Везунок, сидевший рядом со старшим сержантом, потянулся через казённую часть орудия и взял за плечо Каверзева, приникшего к окуляру прицела. Голова Антона бессильно откинулась к плечу, и стал виден багровый провал на месте виска. Провал, из которого безостановочно вились на порыжелую гимнастерку вишенные струйки. Арсений хотел было снять ногу старшего сержанта с педали гашетки, но передумал.
Израсходовав магазин на двадцать снарядов, зенитка наконец умолкла.
Ни богу свечка, ни чёрту кочерга…
Минут через пять, снова меняя пенал магазина, Касаткин вдруг сообразил, что впервые за долгое-долгое время он ни хрена не боится и даже чувствует себя почти счастливым. Наверное, потому, что впервые за всё это время, месяцы, а может и годы, поступает «правильно!»
Так правильно, что его наверняка бы похвалил папа, как всегда немногословно, похлопав по плечу мозолистой ладонью. Как тогда, когда они с папой зарубили за амбаром секретаря райкома, и никто и не догадался, что это сделал председатель колхоза с сынком; и когда, напоив, подстрелили уполномоченного НКВД, приехавшего разбираться.
Александр Касаткин, затаившись за бетонным углом, караулил крадущихся под стеной фрицев. Тех самых, которые, вроде как, пришли сюда извести большевистскую чуму, от которой вымерла в 1922‑м их деревня. Но которые и сами — чума…

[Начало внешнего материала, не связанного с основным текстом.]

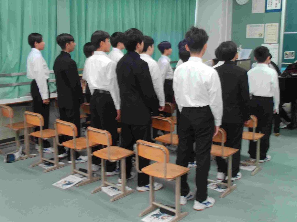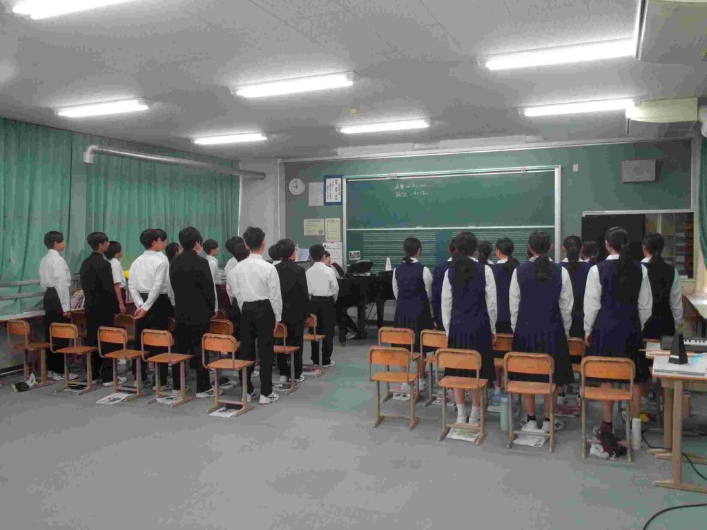 今日から授業が本格的に始まります。音楽の授業では、これまで習った曲を歌唱しています。

Александр отвинтил с рукоятки немецкой гранаты крышку чеки. Не потому, что «За Сталина!», а потому, что «За Родину!»
* * *
— Идей не спрашиваю, — накрыв мгновенно побелевшее лицо Антона пилоткой, мрачно произнёс Войткевич. — Их до обидного мало. Ну, так как?
Все переглянулись…
Home is the sailor, home from the sea…
Старокрымские леса. Район действия партизанского отряда Беседина
Вовка, толкнув вперёд шишечку затвора, загнал патрон в патронник и снова прильнул щекой к прикладу винтовки.
Немецкий мотоцикл, видный в просвете красно-рыжего сухостоя, казался чёрным муравьём, только как-то очень уж медленно ползущим вдоль склона горы, будто по корневищу древнего пня, и почему-то в одиночку. Обычно на лесной тропе, если и появлялись эти железные насекомые, то вереницей и торопясь, а этот… Как крадётся…
Что-то не то.
Вовка чуть приподнял голову, по-прежнему прицельно щурясь.

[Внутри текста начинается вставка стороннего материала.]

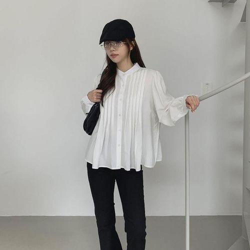 [신상오픈런]여성 기본 색상 핀턱 헨리넥 셔츠

Картина, вроде бы, как учебная мишень с рогатым профилем: проста, ни с чем не перепутаешь. Один немец устало колыхается в седле, с серой пилоткой, сунутой под фельдфебельский погон. Второй — в зелёной люльке…

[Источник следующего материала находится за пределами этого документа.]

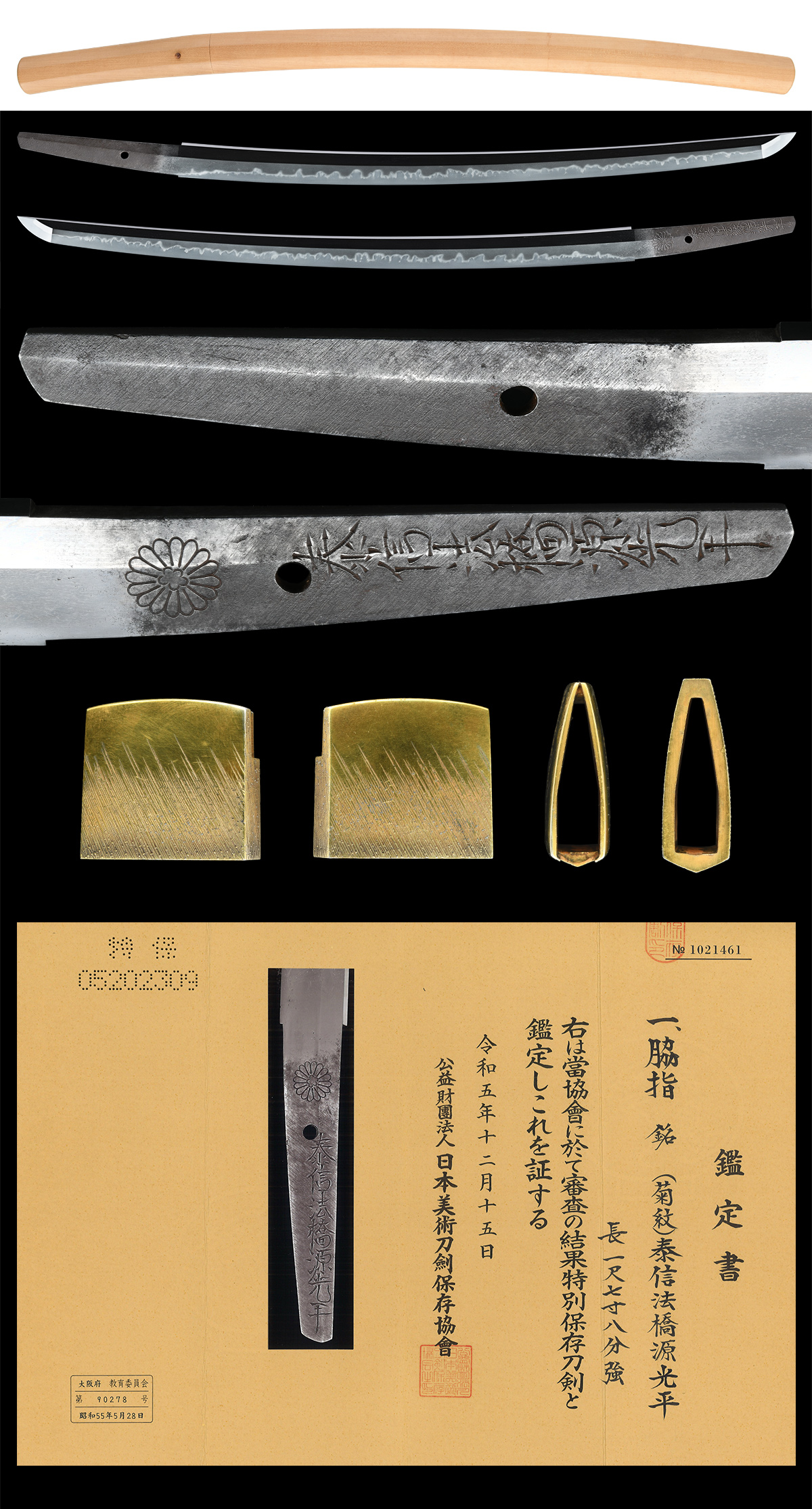 脇差 (菊紋)泰信法橋源光平(日置光平) 特別保存刀剣鑑定書 新刀上作 良業物

«Развалился, как на курорте», — зло прошептал Вовка; но именно это, — вдруг понял он, — его и смущало. Второй, который в коляске, бессильно мотал чернявой головой, выставив на станину снятого пулемёта ногу, замотанную в кровавые тряпки. Похоже, что даже не бинты, а так, что придётся. Время от времени первый утешительно похлопывал его по плечу.
«Ну так что ж теперь?.. — недовольно нахмурился Вовка. — Не на гимнастическом козле ведь ногу сломал. Может, в бою с партизанами…» — и подвёл под взлохмаченную голову «фрица» чёрную подковку прицела.
И вздрогнул, так, что наверняка выстрелил бы, не выдерни кто-то винтовку из его рук.
Вовка обернулся не сразу, а только когда малость утихомирилось сердце, заходившее, как поршень мотора. И ещё потому, наверное, что ладонь, лёгшая ему на плечо, показалась по-отечески спокойной, что ли? Когда если бы немцы, то впору за шкирку да мордой в землю…
— Дядя Серёжа! — с невольным детским восторгом, совсем не солидным для партизанского разведчика, вскрикнул Вовка, и даже, кажется, пустил петуха. — А я… А я тут…
— Чуть не пристрелил героических советских разведчиков, — хмыкнул взявшийся, надо полагать, с того света Везунок, — …лейтенантов Новика и Войткевича.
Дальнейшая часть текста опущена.